Your answer must be the line containing "如图,点E为矩形ABCD边B" and each following line to the end of the listing below, copied exactly, with pictures removed and nothing added.
=== Provided entries ===
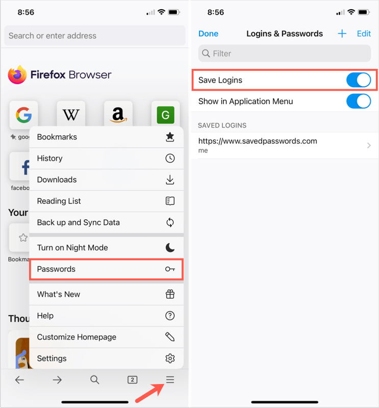 Az iPhone -on érintse meg aMenügomb a Firefoxban és válassza kiJelszavak- Kapcsolja be a kapcsolótMentés bejelentkezés-
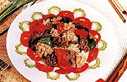 3. Обжарить в масле мясо с добавлением соуса, добавить масло душистого перца. Блюдо готово.
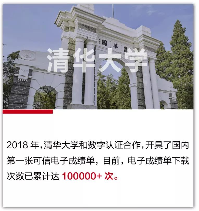 2018年清华大学通过凯发k8登录入口公司提供的“高校可信电子成绩单解决方案”实现了对电子成绩单的可信管理,通过在PDF版式的电子成绩单上加盖可靠电子签名及可信时间戳实现防伪。老师只需在教务管理系统输入成绩,便可以通过可信电子成绩单服务系统自动生成可信电子成绩单,学生们可以在网上自行开具并下载,还可以通过教务系统邮箱流转的方式,直接发送给接收方。与教育部权威机构达成可信电子成绩单互信互认之后,验证时间从三周缩短至“秒级”。
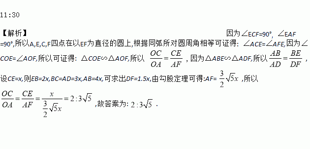 如图,点E为矩形ABCD边BC上一点,点F在边CD的延长线上,EF与AC交于点O,若CE:EB=1:2,BC:AB=3:4,AE⊥AF,则CO:OA=_____.
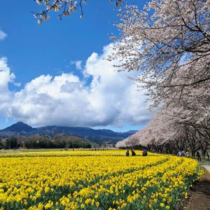 うめこさんの投稿を見て、今日、岩井親水公園へ行ってきました🎵🌸🚙💨 満開の桜と一面の水仙のコラボが見事でした❕😄🎶 明日からいろいろ忙しくなるので、今日晴れて見に行けてよかったです🎵 (*^▽^*)👍 みどりのまとめにもUPしてありますので、よろしければご覧ください☺ 5枚目のpicで、🏷️石の日 に参加します☺
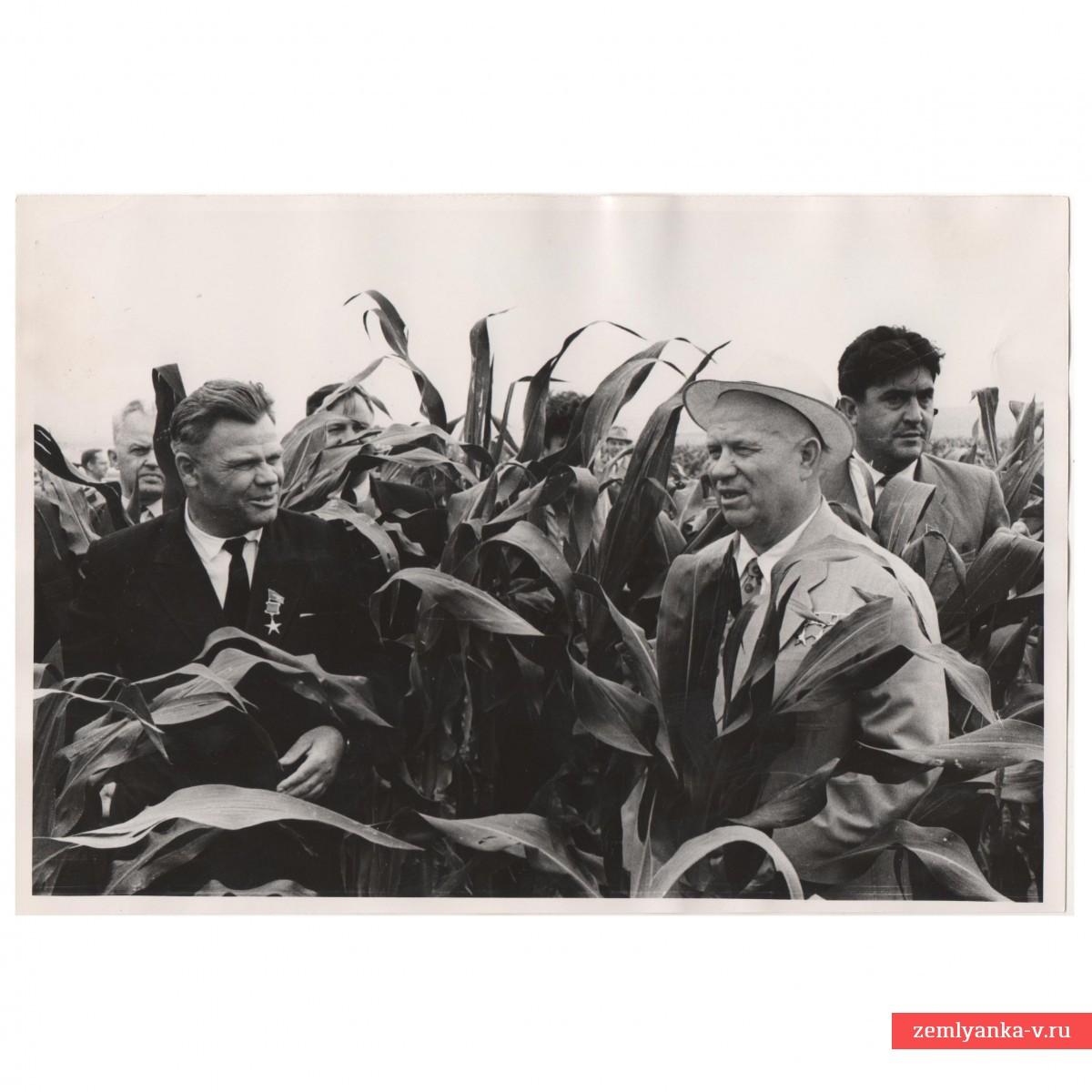 The original press photo is in excellent condition. The full title is "V.V. Grachev, Chairman of the collective farm of the village of Kalinovka, Kursk region, shows Nikita Sergeevich Khrushchev corn in the collective farm field." The size is 16.5*24 cm. The label and stamp of the APN agency are on the back. Guarantee of authenticity.
===
Answer space:
 如图,点E为矩形ABCD边BC上一点,点F在边CD的延长线上,EF与AC交于点O,若CE:EB=1:2,BC:AB=3:4,AE⊥AF,则CO:OA=_____.
 うめこさんの投稿を見て、今日、岩井親水公園へ行ってきました🎵🌸🚙💨 満開の桜と一面の水仙のコラボが見事でした❕😄🎶 明日からいろいろ忙しくなるので、今日晴れて見に行けてよかったです🎵 (*^▽^*)👍 みどりのまとめにもUPしてありますので、よろしければご覧ください☺ 5枚目のpicで、🏷️石の日 に参加します☺
 The original press photo is in excellent condition. The full title is "V.V. Grachev, Chairman of the collective farm of the village of Kalinovka, Kursk region, shows Nikita Sergeevich Khrushchev corn in the collective farm field." The size is 16.5*24 cm. The label and stamp of the APN agency are on the back. Guarantee of authenticity.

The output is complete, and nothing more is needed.